Your objective ->
Span requested from the data below: the line with "Il Daily Mail, in" through the line with "Sospensione dallo stile", both included. Give only these lines again, exactly, and leave every picture out.

Data to examine ->

----

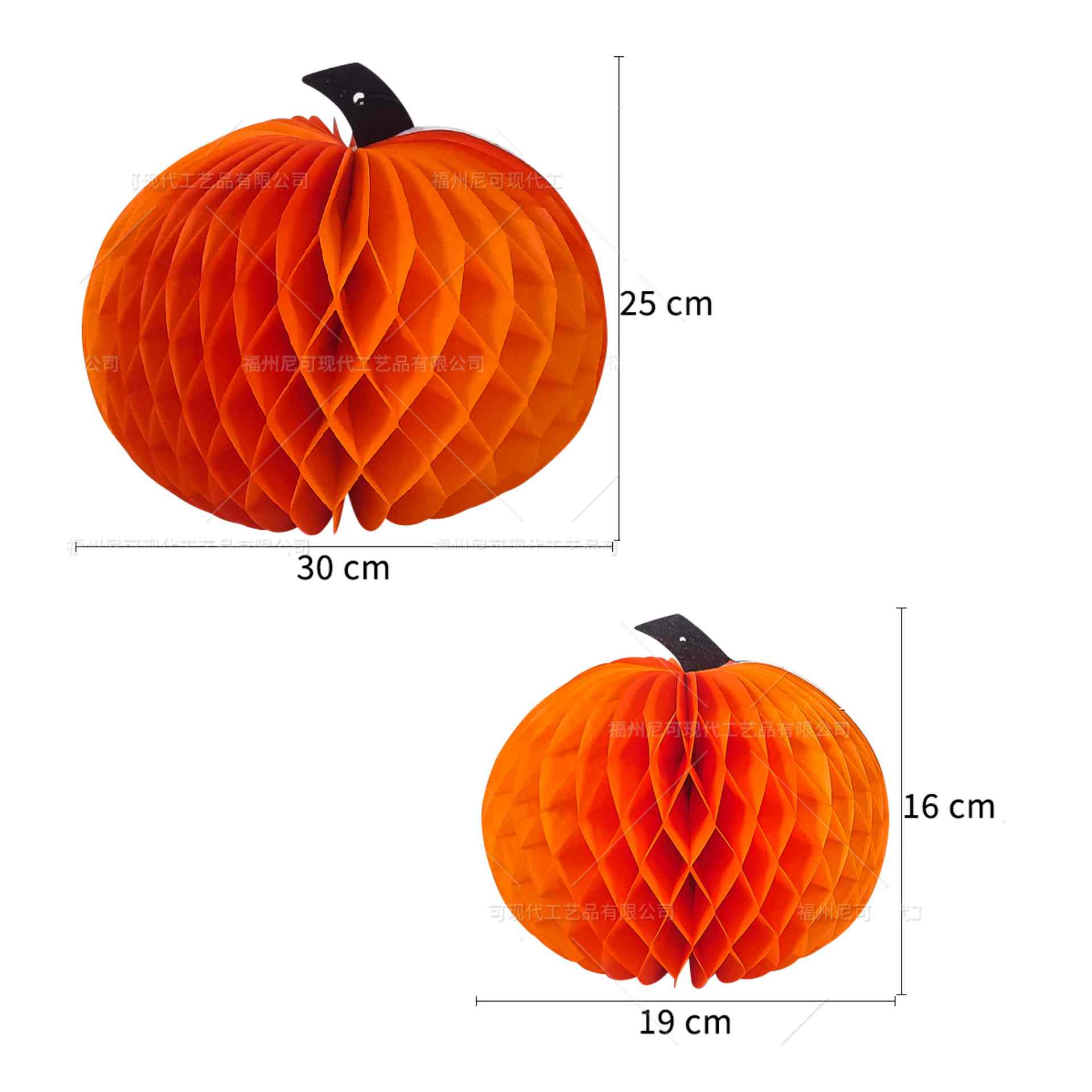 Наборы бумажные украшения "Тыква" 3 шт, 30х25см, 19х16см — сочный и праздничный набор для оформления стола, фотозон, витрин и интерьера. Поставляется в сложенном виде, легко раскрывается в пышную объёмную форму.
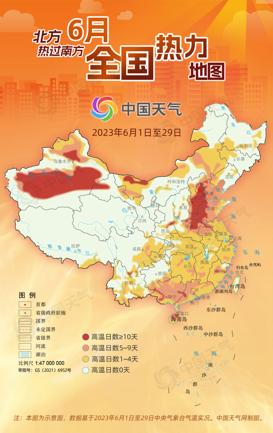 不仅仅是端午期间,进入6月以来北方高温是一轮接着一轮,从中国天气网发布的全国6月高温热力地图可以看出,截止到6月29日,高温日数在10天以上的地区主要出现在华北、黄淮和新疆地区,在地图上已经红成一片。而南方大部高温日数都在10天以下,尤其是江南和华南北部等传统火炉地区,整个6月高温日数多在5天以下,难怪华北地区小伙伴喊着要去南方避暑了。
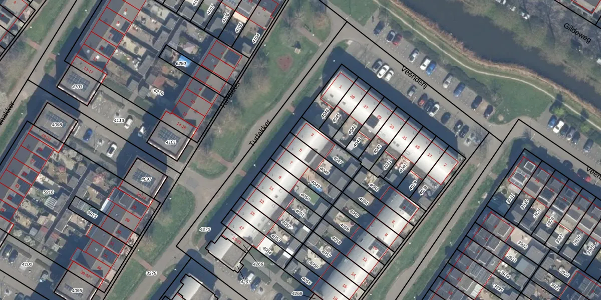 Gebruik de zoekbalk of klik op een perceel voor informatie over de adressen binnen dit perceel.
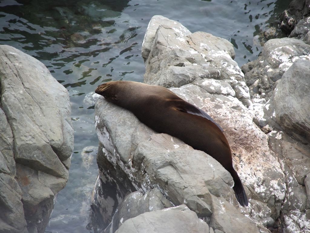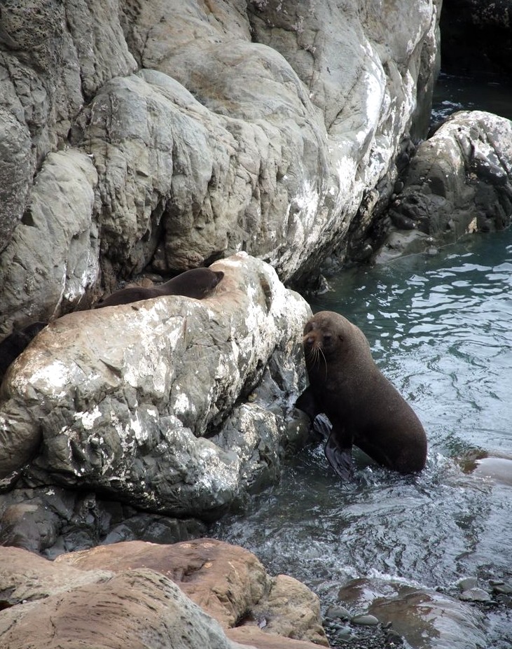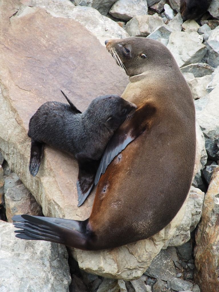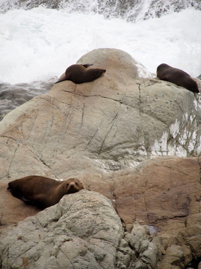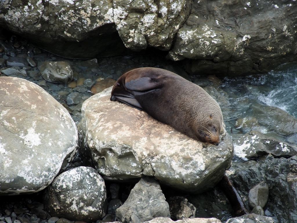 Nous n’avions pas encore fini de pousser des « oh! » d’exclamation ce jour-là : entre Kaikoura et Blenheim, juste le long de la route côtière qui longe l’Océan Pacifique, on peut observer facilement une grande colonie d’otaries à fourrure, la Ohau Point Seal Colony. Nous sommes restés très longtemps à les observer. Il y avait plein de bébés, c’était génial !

----

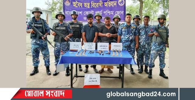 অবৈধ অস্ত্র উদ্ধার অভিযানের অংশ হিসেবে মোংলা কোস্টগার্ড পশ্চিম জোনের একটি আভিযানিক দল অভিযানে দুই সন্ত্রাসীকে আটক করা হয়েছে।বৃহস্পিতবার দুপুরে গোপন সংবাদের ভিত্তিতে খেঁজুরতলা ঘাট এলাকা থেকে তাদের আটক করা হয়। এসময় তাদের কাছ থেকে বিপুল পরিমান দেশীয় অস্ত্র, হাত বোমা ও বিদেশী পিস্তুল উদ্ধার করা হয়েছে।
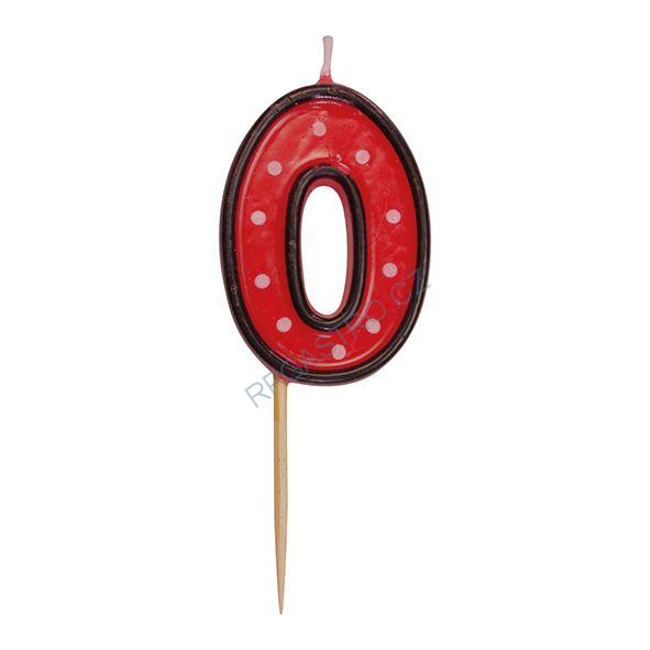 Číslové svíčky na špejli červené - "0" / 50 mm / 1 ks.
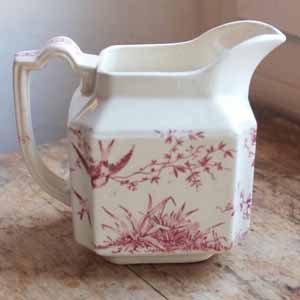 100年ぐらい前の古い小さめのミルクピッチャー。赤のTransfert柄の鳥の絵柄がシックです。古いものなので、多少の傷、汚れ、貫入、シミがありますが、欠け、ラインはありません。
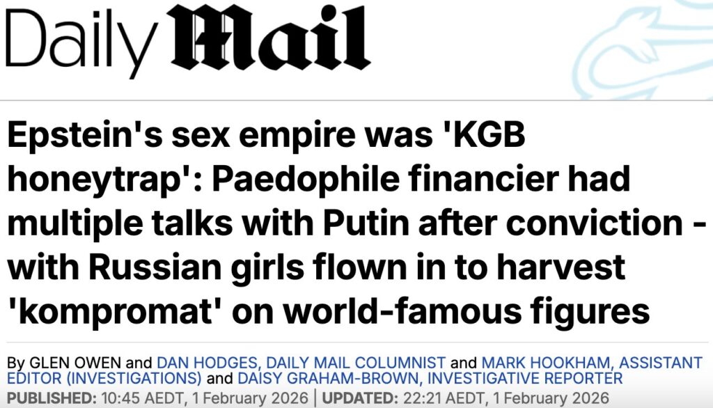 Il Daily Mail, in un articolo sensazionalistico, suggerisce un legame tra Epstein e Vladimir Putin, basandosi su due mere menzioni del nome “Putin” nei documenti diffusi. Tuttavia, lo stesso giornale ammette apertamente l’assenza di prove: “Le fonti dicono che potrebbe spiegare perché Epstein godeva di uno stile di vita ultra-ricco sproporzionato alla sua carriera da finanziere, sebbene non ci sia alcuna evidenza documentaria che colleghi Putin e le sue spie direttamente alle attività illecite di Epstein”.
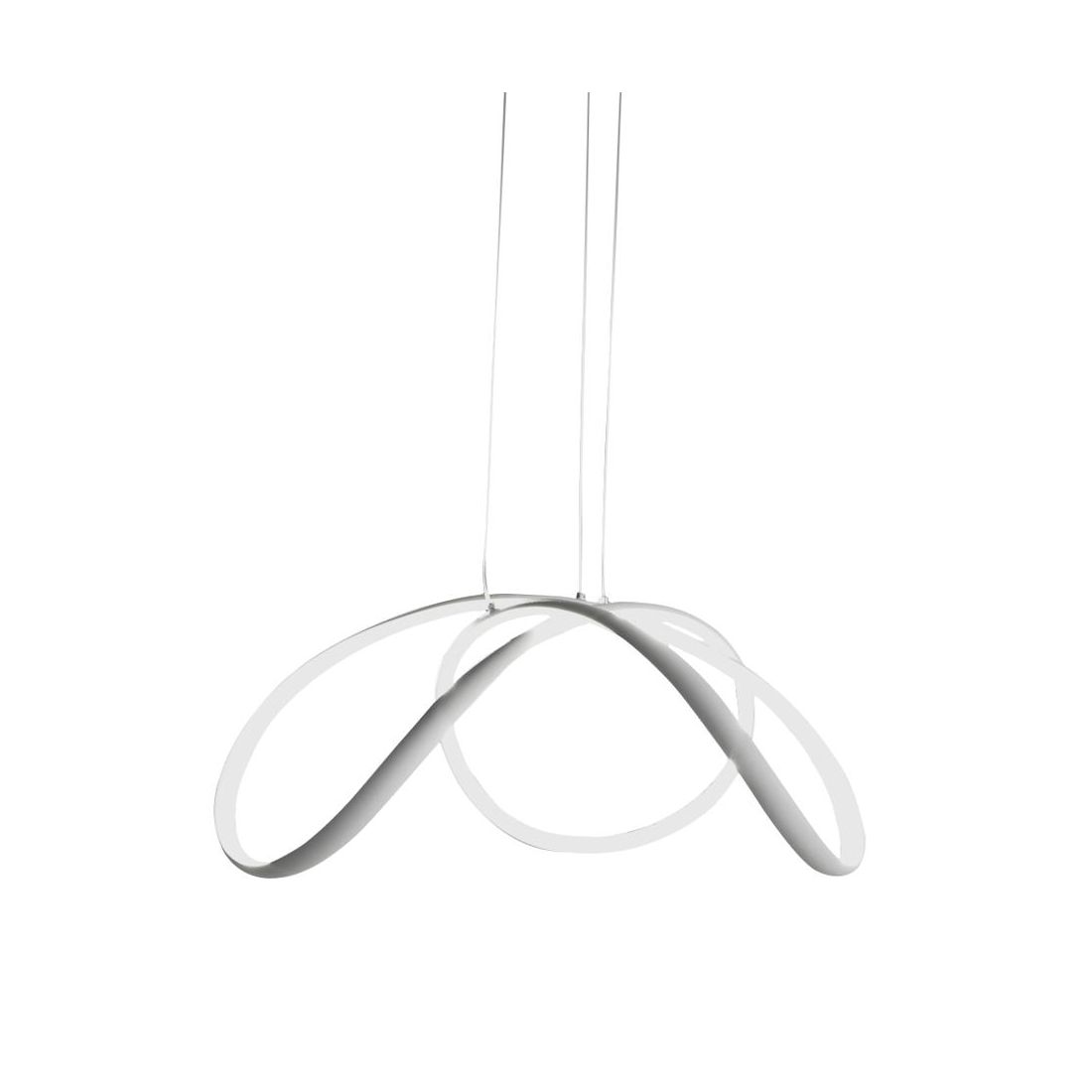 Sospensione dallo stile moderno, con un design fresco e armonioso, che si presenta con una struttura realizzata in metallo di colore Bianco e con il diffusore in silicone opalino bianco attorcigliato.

----

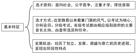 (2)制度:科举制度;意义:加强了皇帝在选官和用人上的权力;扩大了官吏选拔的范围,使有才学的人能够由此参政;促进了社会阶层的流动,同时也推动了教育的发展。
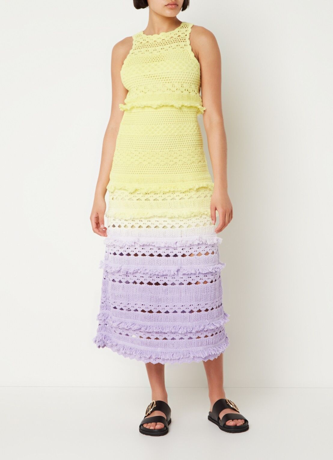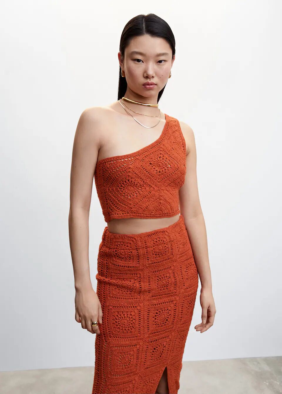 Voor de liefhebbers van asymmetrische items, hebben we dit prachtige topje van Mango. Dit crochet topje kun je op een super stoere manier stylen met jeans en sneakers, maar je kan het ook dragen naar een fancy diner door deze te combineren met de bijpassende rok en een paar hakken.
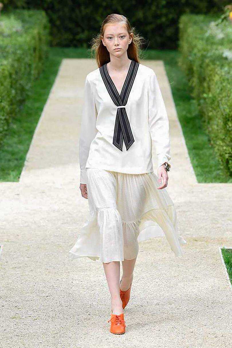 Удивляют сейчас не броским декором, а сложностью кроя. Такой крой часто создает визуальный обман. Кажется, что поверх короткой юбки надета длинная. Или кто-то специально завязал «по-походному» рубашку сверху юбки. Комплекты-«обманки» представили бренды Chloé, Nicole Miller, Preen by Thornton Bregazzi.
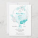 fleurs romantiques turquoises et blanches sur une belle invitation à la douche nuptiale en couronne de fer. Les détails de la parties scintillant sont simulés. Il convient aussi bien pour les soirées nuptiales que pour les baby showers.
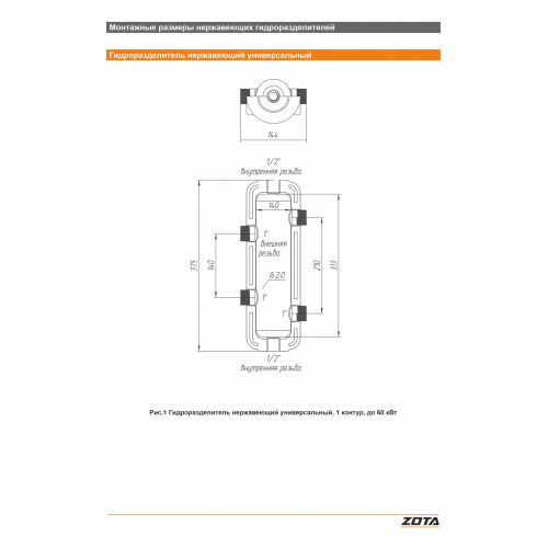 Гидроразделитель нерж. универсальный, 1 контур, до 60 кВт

----

Solution to this task ->
 Il Daily Mail, in un articolo sensazionalistico, suggerisce un legame tra Epstein e Vladimir Putin, basandosi su due mere menzioni del nome “Putin” nei documenti diffusi. Tuttavia, lo stesso giornale ammette apertamente l’assenza di prove: “Le fonti dicono che potrebbe spiegare perché Epstein godeva di uno stile di vita ultra-ricco sproporzionato alla sua carriera da finanziere, sebbene non ci sia alcuna evidenza documentaria che colleghi Putin e le sue spie direttamente alle attività illecite di Epstein”.
 Sospensione dallo stile moderno, con un design fresco e armonioso, che si presenta con una struttura realizzata in metallo di colore Bianco e con il diffusore in silicone opalino bianco attorcigliato.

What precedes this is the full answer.